The paper provides the first muon spin relaxation and rotation measurements confirming the superconducting ground state and symmetry properties of Pd2ZrIn.

Findings

Pd2ZrIn exhibits bulk type-II superconductivity with T_C ~ 2.2 K.

Muon measurements show no evidence of spontaneous magnetic fields below T_C.

The superconducting gap is fully gapped and nodeless, consistent with s-wave pairing.

Abstract

Full Heusler alloys XInPd2 (X= Zr, Hf and Ti) have recently attracted significant attention owing to their symmetry-driven electronic structure and also due to the interplay between disorder and emergent ground states. Within this family, Pd2ZrIn serves as a unique platform to study the effect of disorder on superconducting pairing.

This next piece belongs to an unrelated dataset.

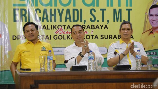 Eri Cahyadi datang ke Kantor DPD Golkar Surabaya tanpa Armuji. Dia datang selain untuk bersilaturahmi juga membincangkan tentang dukungan Golkar terhadap dirinya di Pilwali 2024. Ketua DPD Golkar Surabaya Arif Fathoni mengapresiasi keseriusan Eri Cahyadi.
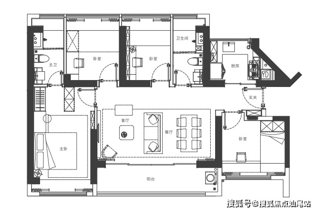 家政阳台定位,6人位餐厅满足多人就餐,主卧独立卫生间

This alloy crystallizes in a cubic L21 structure with significant B2-type antisite disorder. Electrical resistivity and magnetic susceptibility studies confirm bulk type-II superconductivity with a transition temperature TC ~ 2.2 K. Zero-field {\mu}SR results reveal no evidence of spontaneous internal magnetic fields below TC, confirming the preservation of time-reversal symmetry. Transverse-field {\mu}SR spectra show the formation of a vortex lattice, consistent with type-II superconductivity, and the superfluid density is well described by a fully gapped, nodeless s-wave state with superconducting gap {\Delta} (0) ~ 0.33 \pm 0.01 meV. Furthermore, the estimated ratio of transition temperature and Fermi temperature (TC/TF) indicates that this alloy lies within the conventional superconducting regime on the Uemura plot. These results establish Pd2ZrIn as a weakly coupled, dirty-limit, type-II superconductor; with a fully gapped, nodeless order parameter and preserved time-reversal symmetry.